The fund had historically relied on just doing asset shocks and draw down risk analytics and now that has been augmented with a full suite of analytic capabilities from Aladdin that sit on the investment team’s desktops.

“You can measure the success of that by the quality of the conversations you have when discussing the individual portfolios. A risk system doesn’t solve the problem of making good investments, that is still the driver where we get paid for the risks. But when you want to consider the aggregation of those investments that is where it becomes a useful tool. People are having portfolio construction conversations in different ways than they did before because they have more insight, these analytics are really powerful.”

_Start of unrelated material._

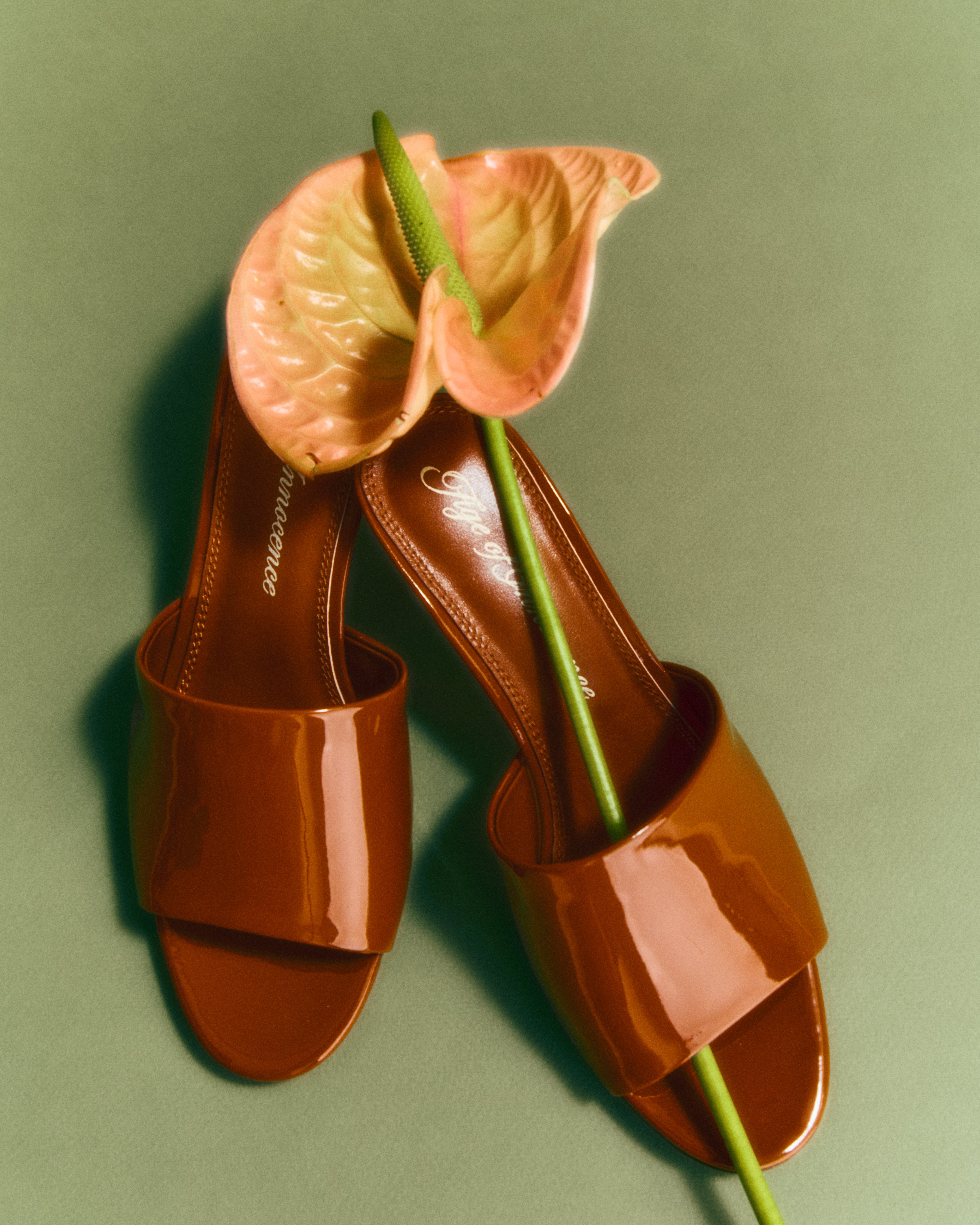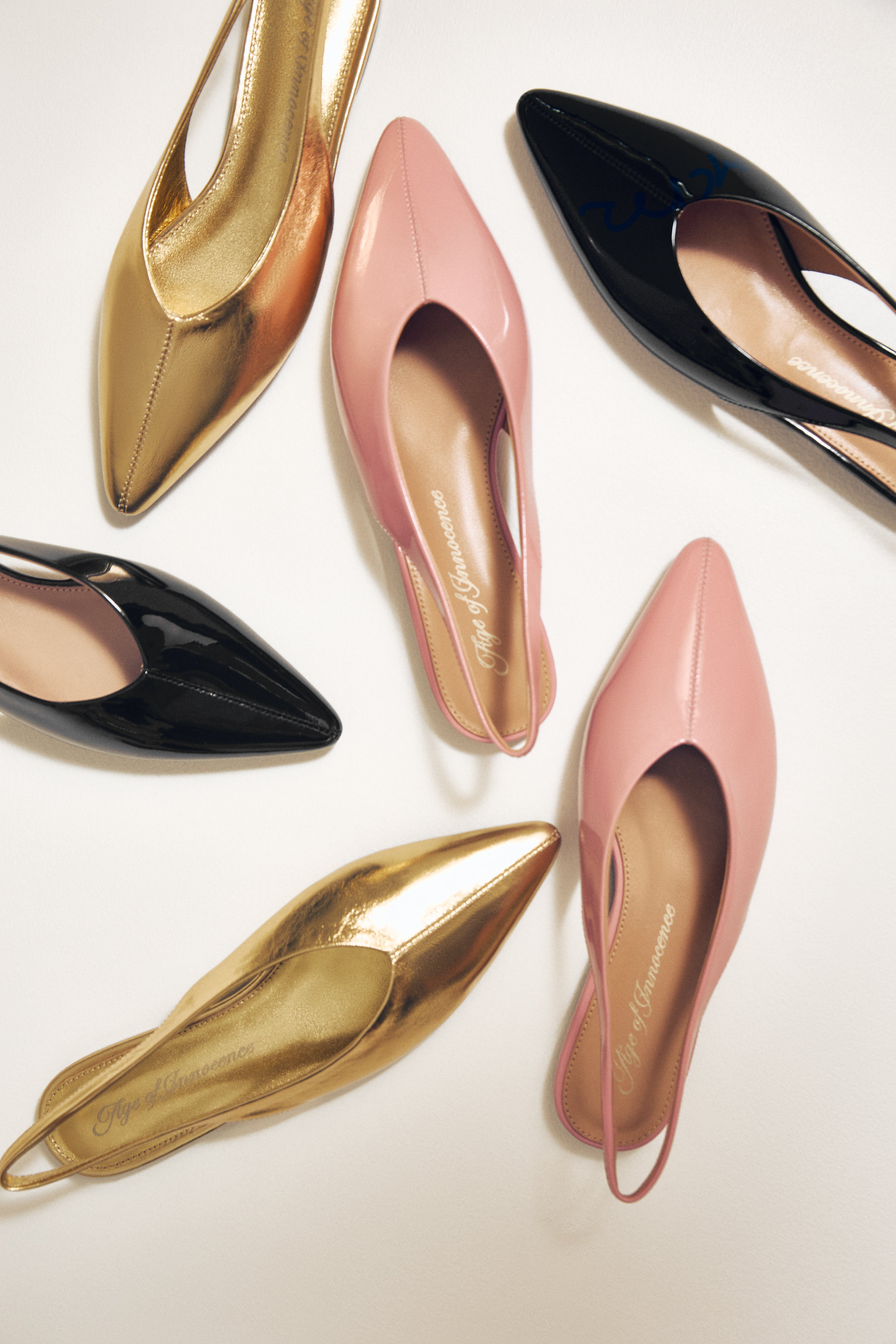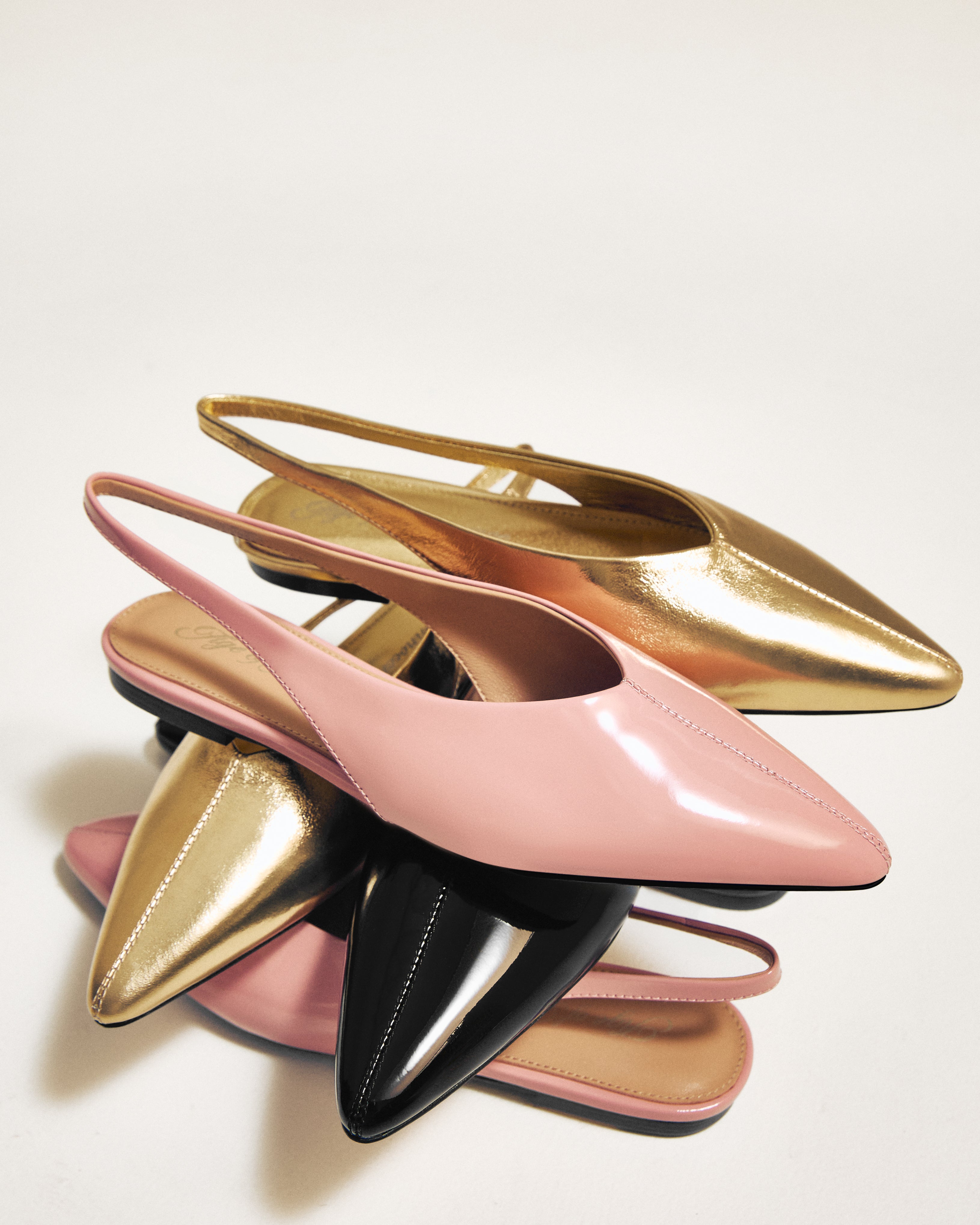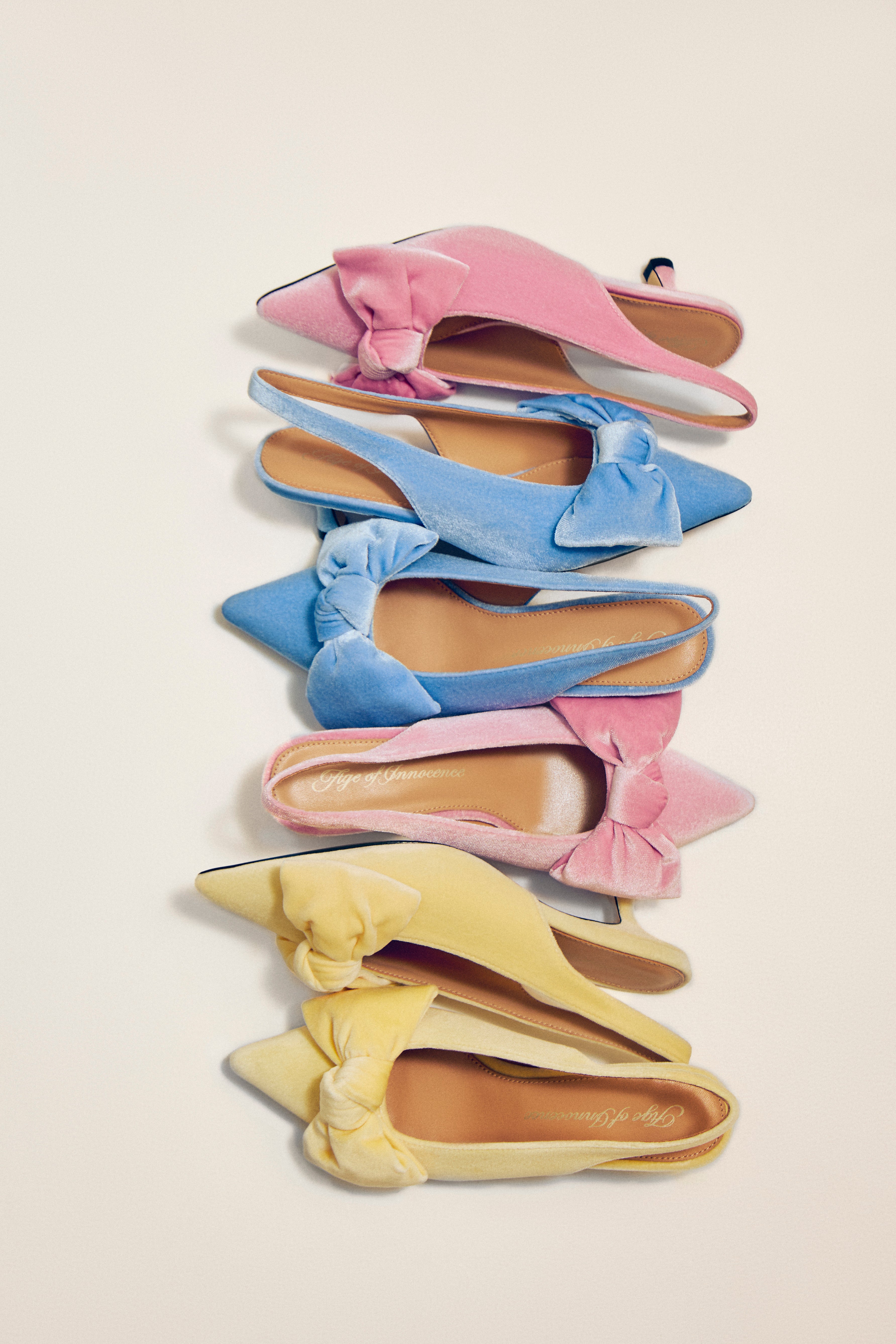 Мюли на каблуке и без, балетки на плоской подошве с зауженным носом и минималистичные босоножки, элегантные лодочки и бархатные слингбэки — коллекция получилась яркой во всех смыслах.

The system gives the team a view of aggregated risks which is useful for the current environment where it is important to have line of sight across risks that might impact the whole portfolio.

“This is where this system is a really powerful, every asset at the fund is inside the tool. This is a big thing in terms of managing the portfolio you don’t want to get blindsided in aggregate,” he says.

A prolonged recession is Wissell’s “greatest fear”.

“That’s not our forecast or what we think will happen right now we are little more optimistic than we were a year ago, but deep prolonged recessions are the thing I worry about the most.”

He says the pension industry generally is long growth and risk assets which means it is most exposed to deep long recessions.

“We all have a lot of growth assets. That’s why we are adding back some of those bonds we sold to protect us against that. We are not forecasting a deep recession but you should protect yourself against the things you are most worried about. We still have a long way to go before we are back to the pre COVID days on bond allocation but no one is sending me an email saying ‘this is the high’. This is what I really love about the Canadian pension industry it is rooted in humility among the people that run the plans. We are humble in our ability to forecast the future.”